▸ **Data provided**
——————————

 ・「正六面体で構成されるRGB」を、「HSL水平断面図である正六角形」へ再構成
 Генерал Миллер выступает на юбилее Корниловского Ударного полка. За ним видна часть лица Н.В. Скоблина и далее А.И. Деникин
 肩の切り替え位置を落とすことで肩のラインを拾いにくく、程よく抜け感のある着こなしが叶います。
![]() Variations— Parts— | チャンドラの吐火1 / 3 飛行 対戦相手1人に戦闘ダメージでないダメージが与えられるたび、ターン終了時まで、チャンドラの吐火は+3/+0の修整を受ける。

——————————

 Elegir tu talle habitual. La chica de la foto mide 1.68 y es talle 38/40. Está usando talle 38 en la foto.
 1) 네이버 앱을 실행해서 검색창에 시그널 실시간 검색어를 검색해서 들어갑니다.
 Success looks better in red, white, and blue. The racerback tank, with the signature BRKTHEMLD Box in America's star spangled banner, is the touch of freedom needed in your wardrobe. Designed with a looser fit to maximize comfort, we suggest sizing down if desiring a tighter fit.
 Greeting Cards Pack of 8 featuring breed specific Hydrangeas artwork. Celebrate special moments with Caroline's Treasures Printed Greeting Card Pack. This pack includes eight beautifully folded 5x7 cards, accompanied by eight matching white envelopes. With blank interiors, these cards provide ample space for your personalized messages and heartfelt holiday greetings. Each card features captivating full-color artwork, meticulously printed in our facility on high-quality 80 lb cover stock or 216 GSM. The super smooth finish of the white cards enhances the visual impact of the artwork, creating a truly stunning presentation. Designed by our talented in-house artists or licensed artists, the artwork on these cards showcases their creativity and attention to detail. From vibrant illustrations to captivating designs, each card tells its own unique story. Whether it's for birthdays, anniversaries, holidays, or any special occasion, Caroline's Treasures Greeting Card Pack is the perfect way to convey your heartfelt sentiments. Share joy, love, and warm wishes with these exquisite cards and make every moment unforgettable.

——————————

▸ **What you need to do**
Report how many lines of the entries above contain the word "your", giving the number by itself.

▸ **Result**
2